Foto LaPresse

L'utopia dell'Europa del ferro

Andrea Giuricin e Silvia De Rocchi*

Non c’è soltanto l’opposizione popolare o la ritrosia dei governi a fermare la creazione di una “ferrovia unica europea”. Le locomotive e i sistemi di comunicazione parlano lingue diverse (come i macchinisti) e le tecnologie sono ancora difformi

Il tema delle grandi opere è tornato in auge nella discussione politica italiana. In particolare l’analisi costi benefici ha posto l’attenzione sull’utilità o meno delle infrastrutture ferroviarie che hanno anche l’obiettivo di creare un mercato ferroviario unico a livello europeo. I corridoi ferroviari sono sicuramente una delle politiche più importanti a livello europeo per cercare di spostare parte del traffico merci attuale dalla gomma al ferro. Questi corridoi sono stati pensati negli anni scorsi e sono finanziati in maniera importante (anche fino al 40 per cento) dall’Unione europea. E’ questo sicuramente il caso della TorinoLione, la Tav, che fa parte di quello che era conosciuto come corridoio 5 e che ora che ha l’obiettivo di creare un’infrastruttura con alti standard tecnologici ed infrastrutturali (chiamata “core network” nella politica TEN-T dell’Unione europea) tra la Spagna e il confine dell’Ucraina. E l’Italia è un paese di transito importante per questo corridoio. Molto simile è il caso del cosiddetto “core network” Reno-Alpi, che serve a creare una linea di forza, principalmente per il traffico merci ferroviario, tra l’Olanda e il porto di Genova. Questi corridoi sono dunque la politica di punta, anche in termini finanziari, per la creazione di un’area unica europea. Gli investimenti in Italia come la Torino – Lione e il Terzo Valico, sono gli investimenti nazionali per completare una linea unica e dare forza al settore ferroviario.

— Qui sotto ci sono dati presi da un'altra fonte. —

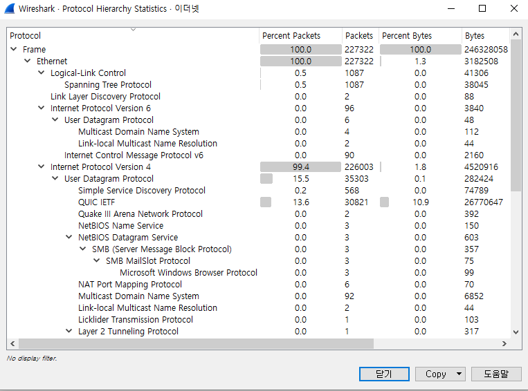 장치 별로 주고 받은 데이터에 대한 통계 정보로서 프로토콜 이름 옆에 있는 숫자는 개체의 수를 나타낸다.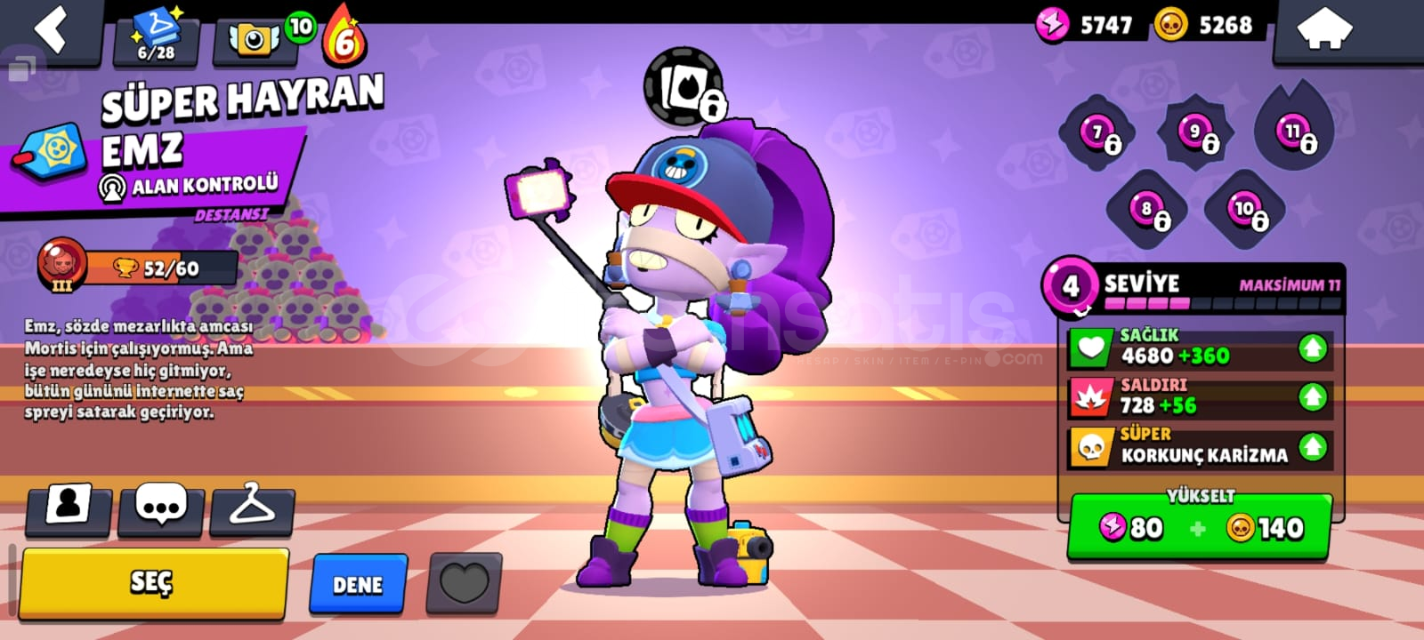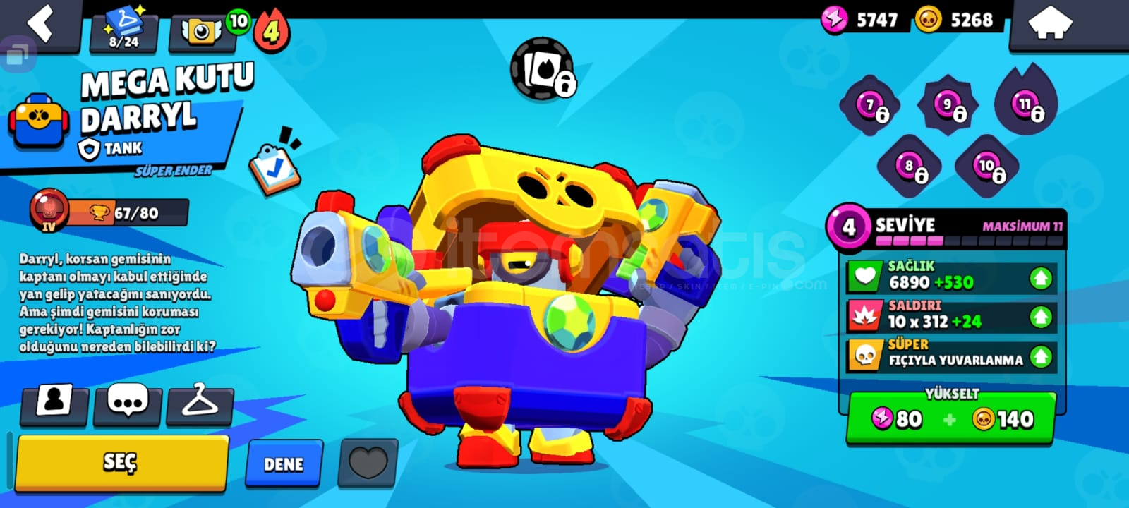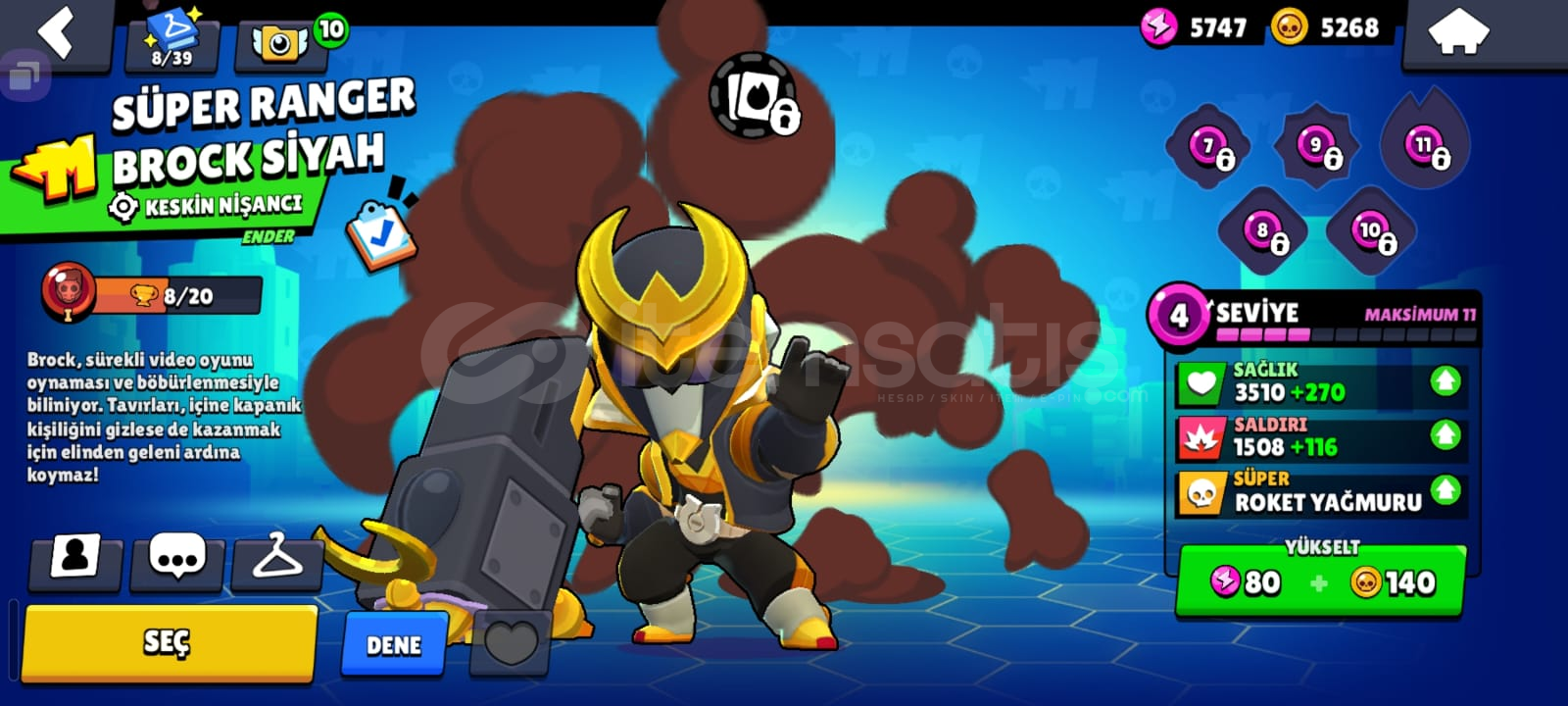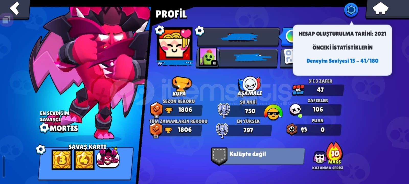 Hesapta 118 elmas, 10017 mücevher, 6268 altın vardır.1819 kupadır.7 süper ender, 7 destansı ve 1 hiperşarj skini vardır.Ücretsiz isim değiştirme hakkı mevcuttur.Hesabın bağlı olduğu mail adresi verilecektir.

L’obiettivo è quello di avere un’area unica nella quale i diversi operatori possano operare come se fosse un unico paese: esattamente quello che è successo nel settore aereo con il processo portato avanti nel corso degli anni ’90.

    

E’ bene ricordare che il settore ferroviario merci funziona bene sotto determinate condizioni. In primo luogo con tratte relativamente lunghe, perché nelle corte distanze la distribuzione delle merci su gomma è la più efficiente. In secondo luogo con treni “lunghi e pesanti”, perché è proprio su grandi quantità di merci che il settore ferroviario è il più competitivo. Non è un caso che il paese nel quale la quota modale del trasporto merci su ferro è superiore al 46 per cento sono gli Stati Uniti (un esempio tra i paesi avanzati), che vede una forte presenza di operatori privati che fanno treni lunghi e pesanti per distanze molto elevate.

  

In Europa lo standard di questi “core network” è avere treni lunghi fino a 750 metri e con sagome P/C 80 (fino a 4,1 metri di altezza). Le nuove infrastrutture in costruzione seguono questo standard, ma è chiaro al contempo bisogna anche migliorare le infrastrutture esistenti anche in altre parti del network (quali ad esempio nei porti). Non pensare al trasporto merci in un’ottica multimodale è un errore gravissimo, perché se ad esempio treni lunghi 750 metri non possono entrare o uscire dal porto di Genova, è anche inutile fare il Terzo Valico. E’ però chiaro che se queste infrastrutture non vengono costruite, non si potranno avere i treni necessari per rendere il trasporto su ferro competitivo al trasporto su gomma, perché tutta la rete deve avere uno standard unico.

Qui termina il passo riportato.